If you're worried about the upfront cost, you could always get finance to help make it more affordable. Brighte offers 0% interest finance for a range of sustainable home solutions, including solar.

Borrow up to $30,000 with 0% interest and spread the cost out anywhere between 6 months and 5 years. There's just a $2.15 account-keeping fee.

Brighte also partners with more than 2,100 accredited solar installers to make the entire solar journey simple and convenient.

3. Insulate your home

In a country like Australia where you want your home to stay cool in the summer and warm in the winter, having the right insulation is paramount. Unfortunately, not all homes are insulated the right way.

But good insulation will keep the warm air from escaping in winter and the heat from entering in summer - meaning you don't need to spend so much on heating and cooling your home.

In fact, Sustainability Victoria calls it "the cornerstone of an energy efficient home", adding it can reduce costs of heating and cooling by 40-50%. It recommends that it should be included in new builds and renovations, but is also an easy thing to include in a quick renovation.

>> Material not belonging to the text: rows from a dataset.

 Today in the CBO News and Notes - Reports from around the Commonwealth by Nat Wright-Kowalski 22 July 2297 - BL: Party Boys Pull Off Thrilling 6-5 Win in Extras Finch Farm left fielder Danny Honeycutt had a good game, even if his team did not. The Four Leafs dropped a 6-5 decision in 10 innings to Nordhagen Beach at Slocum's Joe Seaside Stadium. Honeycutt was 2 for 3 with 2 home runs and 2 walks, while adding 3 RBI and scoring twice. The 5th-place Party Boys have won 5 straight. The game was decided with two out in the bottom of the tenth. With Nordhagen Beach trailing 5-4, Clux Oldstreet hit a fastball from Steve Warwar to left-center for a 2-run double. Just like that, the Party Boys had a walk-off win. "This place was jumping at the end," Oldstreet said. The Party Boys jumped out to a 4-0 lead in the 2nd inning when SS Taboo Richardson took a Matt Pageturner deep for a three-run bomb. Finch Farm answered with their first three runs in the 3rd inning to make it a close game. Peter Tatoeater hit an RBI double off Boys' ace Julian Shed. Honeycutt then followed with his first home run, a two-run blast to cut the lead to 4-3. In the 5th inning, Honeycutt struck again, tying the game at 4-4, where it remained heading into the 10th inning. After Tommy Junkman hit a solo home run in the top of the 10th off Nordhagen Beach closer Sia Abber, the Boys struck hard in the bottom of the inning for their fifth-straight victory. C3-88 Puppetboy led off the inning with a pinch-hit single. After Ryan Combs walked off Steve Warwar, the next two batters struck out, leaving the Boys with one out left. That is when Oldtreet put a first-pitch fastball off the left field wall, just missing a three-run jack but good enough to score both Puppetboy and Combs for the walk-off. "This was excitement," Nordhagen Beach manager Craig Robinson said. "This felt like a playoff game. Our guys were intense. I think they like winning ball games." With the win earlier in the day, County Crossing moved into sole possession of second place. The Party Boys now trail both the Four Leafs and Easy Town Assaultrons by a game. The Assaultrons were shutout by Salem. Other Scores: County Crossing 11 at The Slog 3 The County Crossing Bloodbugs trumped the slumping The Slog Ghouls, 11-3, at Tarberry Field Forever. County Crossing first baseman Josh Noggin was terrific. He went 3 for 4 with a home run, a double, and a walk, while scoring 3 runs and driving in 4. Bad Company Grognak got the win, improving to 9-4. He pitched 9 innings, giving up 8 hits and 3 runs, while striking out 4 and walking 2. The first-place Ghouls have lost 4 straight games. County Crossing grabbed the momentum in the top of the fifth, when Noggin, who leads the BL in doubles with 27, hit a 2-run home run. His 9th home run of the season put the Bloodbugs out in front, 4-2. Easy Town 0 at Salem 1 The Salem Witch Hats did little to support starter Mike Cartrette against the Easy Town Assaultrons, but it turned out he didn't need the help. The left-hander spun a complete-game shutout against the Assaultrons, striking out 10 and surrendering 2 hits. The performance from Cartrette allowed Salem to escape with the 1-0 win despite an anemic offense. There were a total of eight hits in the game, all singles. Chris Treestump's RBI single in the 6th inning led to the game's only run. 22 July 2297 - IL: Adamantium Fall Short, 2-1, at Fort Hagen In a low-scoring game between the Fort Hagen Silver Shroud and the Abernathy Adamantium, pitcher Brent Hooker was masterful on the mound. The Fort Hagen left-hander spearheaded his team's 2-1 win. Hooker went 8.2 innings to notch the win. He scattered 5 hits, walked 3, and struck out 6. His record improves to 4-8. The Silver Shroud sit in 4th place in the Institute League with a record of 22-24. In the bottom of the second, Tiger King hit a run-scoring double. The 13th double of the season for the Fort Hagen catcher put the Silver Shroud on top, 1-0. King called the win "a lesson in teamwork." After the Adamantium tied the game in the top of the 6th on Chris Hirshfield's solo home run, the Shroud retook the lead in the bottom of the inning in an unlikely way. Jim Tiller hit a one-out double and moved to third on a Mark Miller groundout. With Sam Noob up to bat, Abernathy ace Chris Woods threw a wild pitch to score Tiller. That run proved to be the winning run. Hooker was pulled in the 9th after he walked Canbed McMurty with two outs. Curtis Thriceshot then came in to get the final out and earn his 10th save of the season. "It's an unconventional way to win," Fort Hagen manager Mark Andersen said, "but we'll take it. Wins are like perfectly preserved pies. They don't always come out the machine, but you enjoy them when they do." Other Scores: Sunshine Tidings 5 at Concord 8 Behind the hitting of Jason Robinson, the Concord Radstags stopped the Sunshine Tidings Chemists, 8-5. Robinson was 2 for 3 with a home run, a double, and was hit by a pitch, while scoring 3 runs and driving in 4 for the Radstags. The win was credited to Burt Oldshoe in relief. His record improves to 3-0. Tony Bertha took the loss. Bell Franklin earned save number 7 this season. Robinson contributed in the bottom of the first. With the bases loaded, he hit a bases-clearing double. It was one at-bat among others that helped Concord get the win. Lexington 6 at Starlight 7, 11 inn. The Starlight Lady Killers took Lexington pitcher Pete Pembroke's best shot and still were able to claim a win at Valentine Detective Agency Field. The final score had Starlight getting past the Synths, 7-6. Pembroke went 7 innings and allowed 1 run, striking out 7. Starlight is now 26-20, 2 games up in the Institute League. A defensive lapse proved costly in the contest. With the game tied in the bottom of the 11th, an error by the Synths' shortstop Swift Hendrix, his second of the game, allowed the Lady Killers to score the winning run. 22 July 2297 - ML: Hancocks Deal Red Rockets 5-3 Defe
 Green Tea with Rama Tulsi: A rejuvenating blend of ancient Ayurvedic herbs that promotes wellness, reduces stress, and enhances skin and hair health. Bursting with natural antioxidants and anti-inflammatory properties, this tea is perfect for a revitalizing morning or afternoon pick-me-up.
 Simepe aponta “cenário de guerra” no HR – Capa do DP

There are different ways you can insulate your home, with ceiling insulation, floor insulation and wall insulation. Even if you're looking for a quick fix, you can start by ensuring the seals of your doors and windows are secure.

4. Get a meter to look at electricity usage

If you don't want to make any drastic improvements to your home, you can install an electricity monitoring device.

They display real-time information on your electricity consumption allowing you to assess how much electricity you're using to help you make informed decisions about where you can cut back.

You can set certain devices to sound an alarm when your household goes over a pre-set energy usage.

You can also choose to monitor the whole home, or selected areas like hot water or air conditioning.

5. Change your light bulbs to LEDs

You would be surprised how much difference changing the type of lightbulbs you have in your house can make. Even if you have solar panels, the electricity you use at night can still push up your electricity bill - and when do you tend to use light bulbs? At night.

LEDs use 75% less power than incandescent and halogen light bulbs and they last longer too. Although they cost a little more to buy, energy.gov.au says the payback from that cost is normally less than a year.

It adds that by replacing 10 halogen light bulbs with LEDs, an average household could save around $650 over 10 years on their electricity bill.